Usually, they're wrong.
This article is the playbook for that tweet.
Think of it as field notes from a decade of watching traders succeed and fail—a guide to building the deep, structural knowledge that transforms decent traders into consistent winners.
The harsh reality: generalists provide liquidity for specialists
"Trading multiple markets superficially isn't providing more opportunities—it's compounding ignorance."
Most aspiring traders I've worked with—whether at Raen or through social media—are trying to trade everything: ES, NQ, crude, gold, currencies.
They've learned patterns, hoping they'll work everywhere.
Markets trade very differently.
Each has unique participants with specific constraints. What works in ES might get you killed in crude. What's noise in Treasuries might be gold in NQ.
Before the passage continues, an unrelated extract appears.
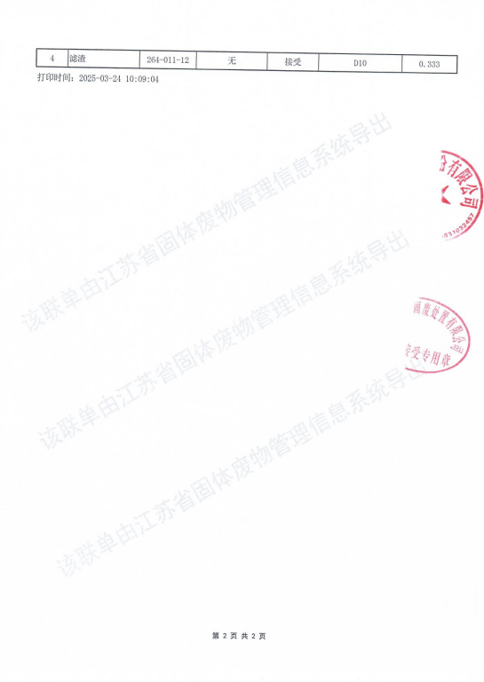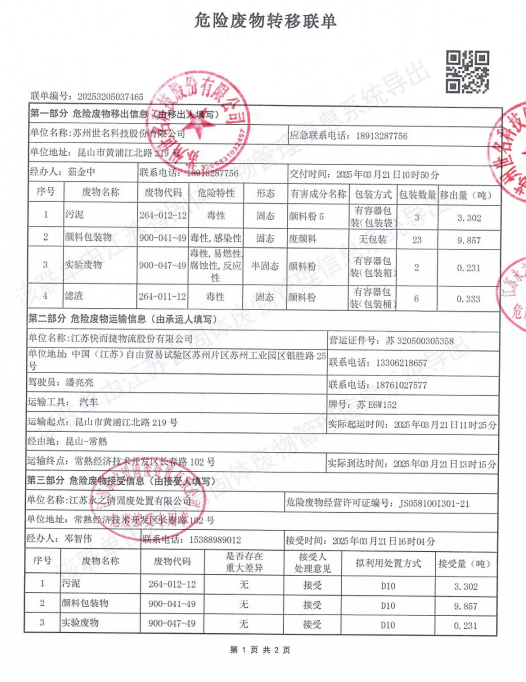 2025年3月21日,伟德国际victor1946委托危险废弃物运输单位江苏快而捷物流股份有限公司、处置单位江苏永之清固废处置有限公司转移及处置危险废弃物,所转移及处置的危险废弃物分别为:滤渣(264-011-12)0.333吨、污泥(264-012-12)3.302吨、颜料包装物(900-041-49)9.857吨、实验废物(900-047-49)0.231,所处置及转移的危险废弃物经过《江苏省生态环境厅江苏省污染源“一企一档”管理系统》申报审批通过,转移及处置量在危险废弃物管理计划内。

You have finite attention. Finite capital. Finite time.
Every additional market exponentially dilutes your focus.
While you're busy recalling gold-dollar correlations, the crude specialist sees commercial hedgers forced into predictable actions they've witnessed repeatedly:
- Levels where commercial hedgers must act 
- Volatility signatures of weekly EIA reports 
- Times institutional orders provide predictable liquidity 
- Most medium-/long-term CTAs lag trend breaks by days 
This isn't talent—it's accumulated knowledge from thousands of hours studying one market's specific behavior.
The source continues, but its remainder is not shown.